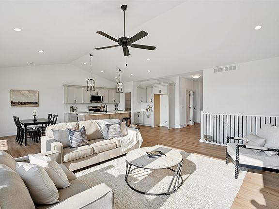 The Lincolnshire Plan by KRM Custom Homes blends comfort, style, and functionality for today’s lifestyle, all in a prime location! This 4-bed, 3-bath home is designed to make everyday living easier and more enjoyable. Step inside to an open main floor with vaulted ceilings, oversized windows, and a cozy electric fireplace. The chef’s kitchen impresses with quartz countertops, stainless steel appliances, soft-close cabinets with crown molding, a large island for hosting, and a huge walk-in pantry for effortless organization. The primary suite feels like a retreat with double vanities, a sleek walk-in shower, and an oversized closet that connects directly to the laundry room and drop zone—ultimate convenience! The main floor also includes a private guest bedroom and full bath. Head downstairs to a finished lower level with two more bedrooms, a ¾ bath, and a spacious family room—perfect for game days or movie nights. Enjoy outdoor living on the 12x12 covered deck, and appreciate quality details throughout, from vaulted ceilings to KRM’s signature craftsmanship. Built with superior craftsmanship and top-tier materials, including Hardi siding, passive radon mitigation, the BIBS insulation system, Form-A-Drain foundation system, Advantek subflooring, and the Zip system exterior for enhanced durability and energy efficiency. Don’t miss your chance to fall in love and call this home YOURS!
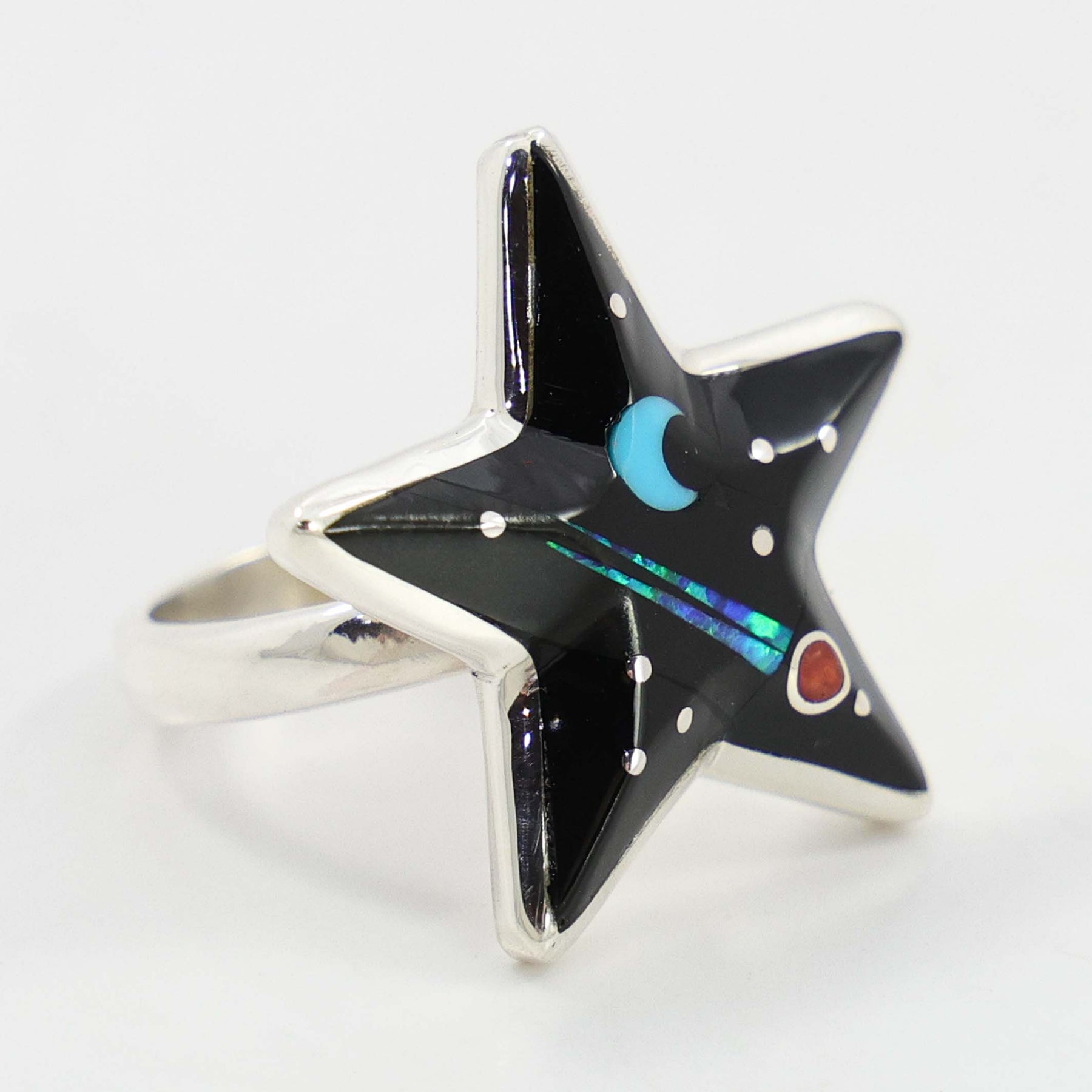 Sterling Silver Star Ring with Inlaid Jet, Turquoise, Coral, and Lab Opal.
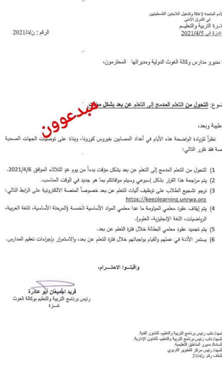 غداً دوام الشواغر المجمدة عقودهم أمام بوابة الوكالة الساعة العاشرة. -
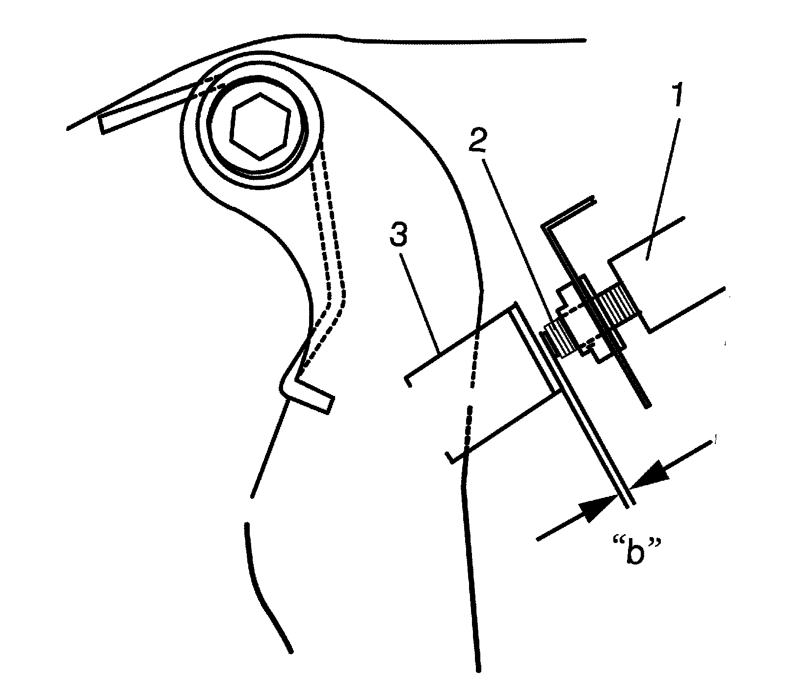 Clearance "b" between end of thread and brake pedal stay

::::::

**What is needed:** All of the material goes into the answer exactly as it stands, except for the pictures.

**Written response:**
 The Lincolnshire Plan by KRM Custom Homes blends comfort, style, and functionality for today’s lifestyle, all in a prime location! This 4-bed, 3-bath home is designed to make everyday living easier and more enjoyable. Step inside to an open main floor with vaulted ceilings, oversized windows, and a cozy electric fireplace. The chef’s kitchen impresses with quartz countertops, stainless steel appliances, soft-close cabinets with crown molding, a large island for hosting, and a huge walk-in pantry for effortless organization. The primary suite feels like a retreat with double vanities, a sleek walk-in shower, and an oversized closet that connects directly to the laundry room and drop zone—ultimate convenience! The main floor also includes a private guest bedroom and full bath. Head downstairs to a finished lower level with two more bedrooms, a ¾ bath, and a spacious family room—perfect for game days or movie nights. Enjoy outdoor living on the 12x12 covered deck, and appreciate quality details throughout, from vaulted ceilings to KRM’s signature craftsmanship. Built with superior craftsmanship and top-tier materials, including Hardi siding, passive radon mitigation, the BIBS insulation system, Form-A-Drain foundation system, Advantek subflooring, and the Zip system exterior for enhanced durability and energy efficiency. Don’t miss your chance to fall in love and call this home YOURS!
 Sterling Silver Star Ring with Inlaid Jet, Turquoise, Coral, and Lab Opal.
 غداً دوام الشواغر المجمدة عقودهم أمام بوابة الوكالة الساعة العاشرة. -
 Clearance "b" between end of thread and brake pedal stay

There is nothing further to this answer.